You might be wondering why we require this. The reason is that the code of your function might be executed and further evaluated in different environments where the variables and modules defined in your notebook will not be available.

In [196]:
def TND_FEOHE01_stair_2(dataset):
    # Feature Extraction using Simple One-Hot-Encoder for Telstra Network Disruptions
    import pandas as pd
    from sklearn import preprocessing

    dataset[3]['st'] = dataset[3]['severity_type'].astype("category")
    dataset[3]['st'].cat.categories = range(5)
    dataset[2]['rt'] = dataset[2]['resource_type'].astype("category")
    dataset[2]['rt'].cat.categories = range(10)
    dataset[1]['lf'] = dataset[1]['log_feature'].astype("category")
    dataset[1]['lf'].cat.categories = range(386)
    dataset[0]['et'] = dataset[0]['event_type'].astype("category")
    dataset[0]['et'].cat.categories = range(53)

    df = pd.merge(dataset[4], dataset[3], on = 'id', how = 'inner')
    df = pd.merge(df, dataset[2], on = 'id', how = 'inner')
    df = pd.merge(df, dataset[1], on = 'id', how = 'inner')
    df = pd.merge(df, dataset[0], on = 'id', how = 'inner')
    df = df.drop(['location','severity_type','resource_type',\
                          'log_feature','event_type'],axis=1)

    enc = preprocessing.OneHotEncoder(sparse=False)
    df_enc = pd.DataFrame(data=enc.fit_transform(df[['st','rt','lf','et']].as_matrix()))
    df_enc['id'] = df['id']
    df_enc = df_enc.groupby(['id'], sort=False).median()
    df = df.drop(['st','rt','lf','et'],axis=1)
    df = df.groupby(['id'], sort=False).median()
    df_enc['vol'] = df['volume']
        
    return df_enc

In [197]:
Fdf = TND_FEOHE01_stair_2(dataset)
commands.cross_validate(TND_FEOHE01_stair_2)

Obtaining dataset
Extracting features
Cross validating


0.62633952888594679

&nbsp;
&nbsp;

Step 6: Evaluate the score of your feature extraction function before submitting it.

You can make use of the cross_validate command as many times a needed in order to have a preview of what the score of your function will be.

In [199]:
commands.cross_validate(TND_FEOHE01_stair_2)

Obtaining dataset
Extracting features
Cross validating


0.62633952888594679

&nbsp;
&nbsp;

Step 7: Register your function in the system

Once you are satisfied with the results, you can call the add_feature command passing your function as an argument.
This will cross_validate the function again and store your code and your score for future analysis.
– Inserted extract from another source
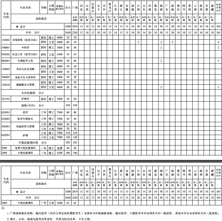 | 注:招生计划以各省招生机构公布为准;学费最终以广西物价局公布的收费标准为准 | ||||||||||||||||||||
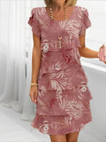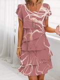 Sale V Neck Short Sleeves Print Casual Midi Dress

Again, remember that your function code must be self contained and import or define everything it needs to be run successfully.

In [200]:
commands.add_feature(TND_FEOHE01_stair_2)

Obtaining dataset
Extracting features
Cross validating
Your feature TND_FEOHE01_stair_2 scored 0.6263395288859468
Feature TND_FEOHE01_stair_2 successfully registered


&nbsp;
&nbsp;

Step 8: (Optional) Modify and update your function code.

If you discover that your function can be improved you can add it again into the system as many times as required with the same function name.

However, for improved clarity, we recommend you to use this option only to fix problems or make small improvements within a similar approach.

So, in case you want start a different feature extraction strategy, we strongly recommend you to register it with a new name.